Mark Burnett, reality
television king and creator of the hit Survivor,
announced his newest venture into reality TV – The Apprentice President.
The show will premiere on January 20th, 2017, when Donald Trump, the most unfit president in American history, is inaugurated. Billions of viewers are urged to tune into the debut of the series as a self-proclaimed billionaire, with no political experience, raises his tiny hand to take the oath of office.

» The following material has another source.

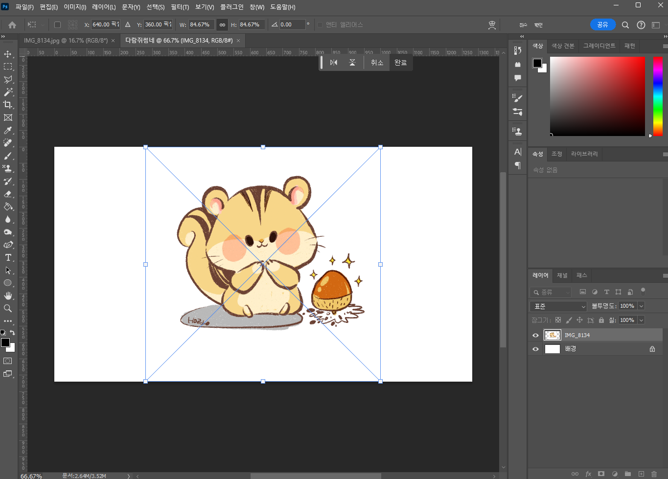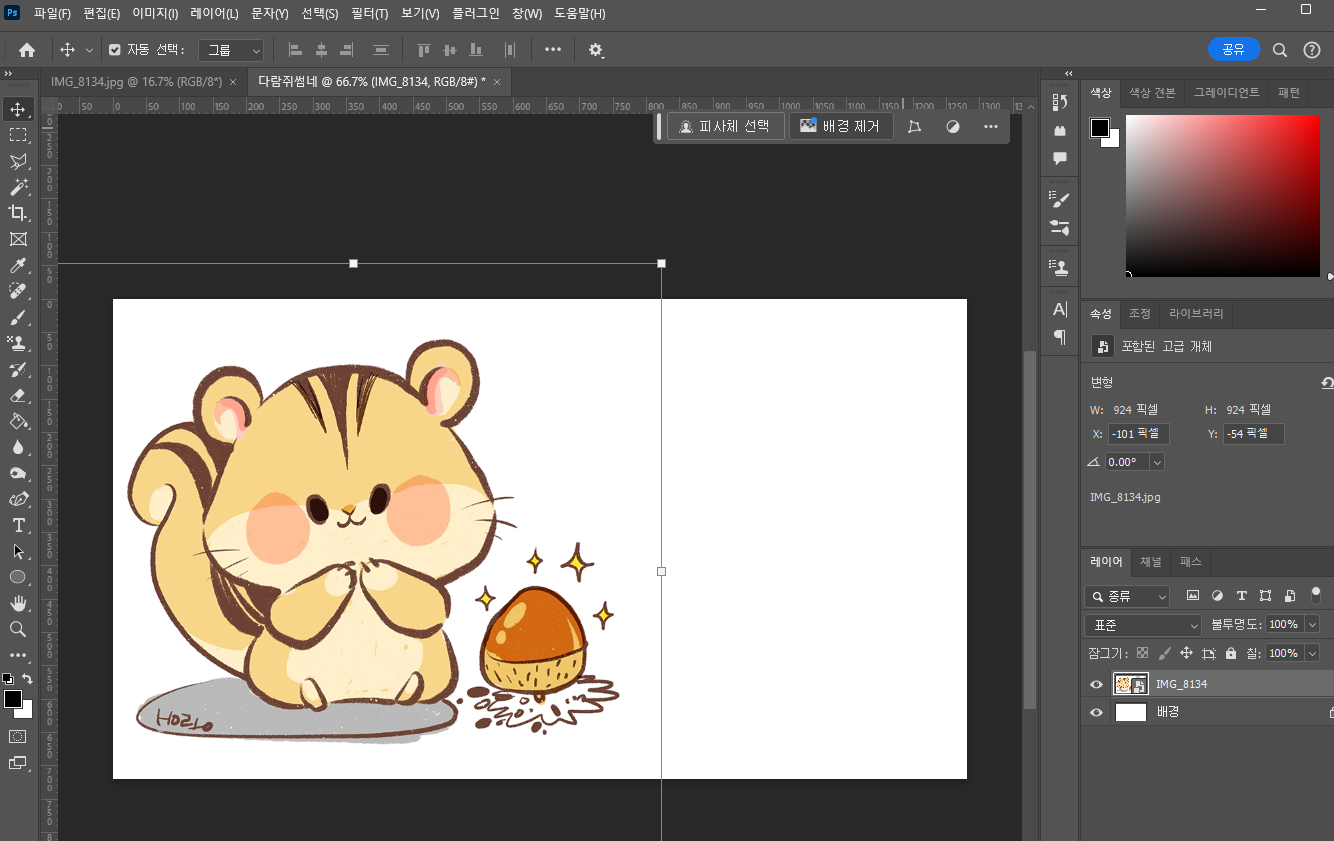 다람쥐 이미지 아래에 새 레이어를 하나 만든 뒤

Watch weekly to see the man
tanned, bully, buffoon tackle the job of “leader of the free world.” He’ll have
many decisions to make, from his throne in the Oval Office. We’ll see him use his
“White Power” as he takes the country back to 1955.
He can’t whitewash the
nation on his own, so every episode he’ll be provided with potential administration
appointees. Those fished from the swamp will be vying for a position with “Demagogue
Donald.”
Every episode the contestants
will be given a project to accomplish as they battle for a position in the
White Supremacy House. Potential projects have been leaked to the press, and
they include:
1
Contestants must
find a tuna hoagie hidden in the Pentagon before Chris Christie sniffs it out.
2
A mad dash as contestants
must return Rudy Giuliani to his secret crypt before sunrise.
3
A fruitful day spent
in the Supreme Court as contestant’s attempt to make Ruth Bader Ginsburg slip
on a banana peel.
4
Contestants must
get Mike Pence to don a rainbow t-shirt and dance to “It’s Raining Men” at the Leather
Daddies bar.
Whoever completes the
project first will move onto the next episode. The losers must head to the Oval Office where
Trump will tell one unlucky contestant “You’re Vetoed!”
The O’Jays have written a
new theme song The Apprentice President
titled “For the Love of God.” The show will be broadcast on C-Span. Check your
local listings for day and time.
Burnett expects the show
should have four successful seasons unless it is cancelled due to impeachment,
war, famine, pestilence or the end of days.